Under the Merger Agreement, the Company and Lion have agreed, subject to the satisfaction or waiver of the closing conditions set forth in the Merger Agreement, to engage in a merger whereby the Company will merge with and into Lion, and Lion will be the surviving corporation in the merger.  The merger had the following terms:


a) The Company would sell all assets, liabilities and issued and outstanding shares to Lion as follows:  one share of Lion’s common stock for each share of the Company’s common shares.

b) Lion would also issue to the Company’s preferred shareholders a 1- for-4 tax-free exchange of the Company’s shares for Lion shares.  Upon closing, the 4,465,075 Company preferred shares will receive 17,860,300 common shares of Lion.  

c) Upon finalization of the merger, Lion would change its name to DeFi Mobile, Ltd.

d) The holders of the subordinated convertible notes payable would convert these notes into shares of Lion’s common stock at $0.10 per share, the day the purchase agreement is signed, instead of series B preferred stock as originally agreed.

e) The Company’s shareholders have agreed to an eighteen-month lock-up of Lion’s shares to be received in the merger.The parties have until August 31, 2009 to close the proposed merger, at which time either party may terminate the Merger Agreement unless such party’s failure to fulfill its obligation under the Merger Agreement caused the closing delay.  The Merger Agreement may also be terminated if greater than 5% of the Company’s outstanding voting stock dissents from the merger.  As of the date of this filing, the Merger Agreement had not yet been finalized.


NOTE 5 -

SUBSEQUENT EVENTS

Subsequent to June 30, 2009, the Company entered into an agreement with a third party whereby the Company is involved as a consultant to help manage a large project that the third party had recently entered into.  In exchange for these consulting services, the third party paid the Company $250,000, who in-turn used that money to pay various vendors and developers involved in the project.  

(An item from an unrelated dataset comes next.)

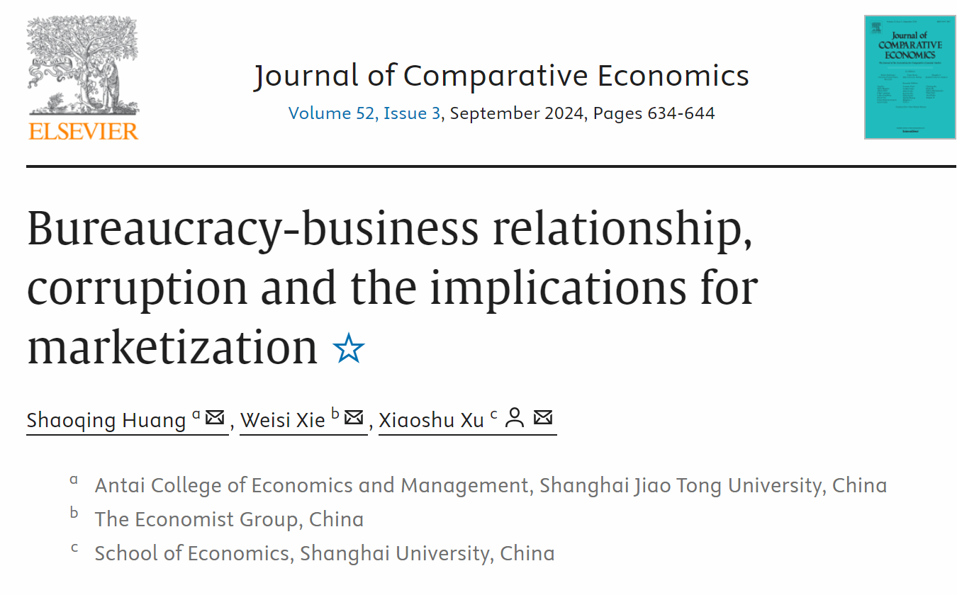 经济学院副教授徐晓书在比较经济学和制度经济学顶级期刊Journal of Comparative Economics上共同发表最新成果
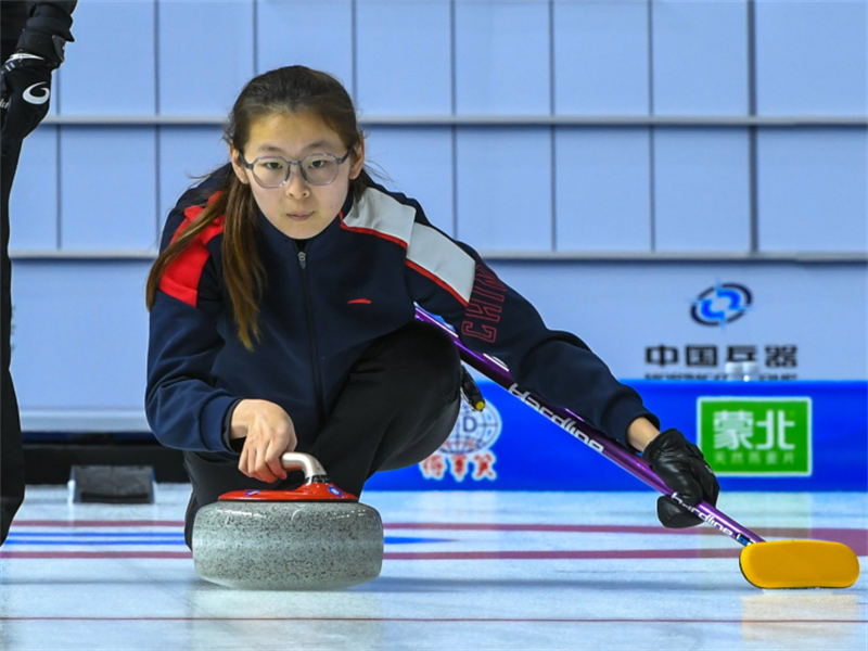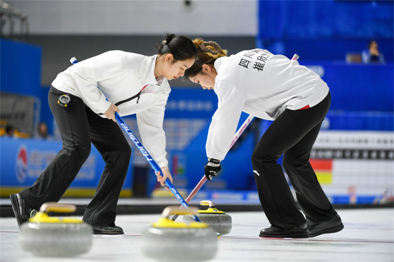 四川隊(duì)隊(duì)員在比賽中擲壺。

On July 15, 2009 Lion entered into a Letter of Intent (LOI) to have the irrevocable right to acquire Publisher X (PX) on or before August 31, 2009.  This proposed acquisition would take place after the completion of the Merger Agreement between Lion and the Company (which would become DeFi Mobile, Ltd.).  Under the terms of the LOI, DeFi Mobile, Ltd., would acquire all the issued and outstanding ownership interests of PX.  The acquisition would be financed using shares of DeFi Mobile, Ltd., the number of shares to be issued and the price per share have yet to be determined.  As of the date of this filing, this acquisition had not yet been finalized.

On July 20, 2009 Lion entered into a Letter of Intent (LOI) to have the irrevocable right to acquire FunFinder (FF) on or before August 31, 2009.  This proposed acquisition would take place after the completion of the Merger Agreement between Lion and the Company (which would become DeFi Mobile, Ltd.).  Under the terms of the LOI, DeFi Mobile, Ltd., would acquire all the issued and outstanding ownership interests of FF.  This acquisition would be financed using shares of DeFi Mobile, Ltd., the number of shares to be issued and the price per share have yet to be determined.  As of the date of this filing, this acquisition had not yet been finalized.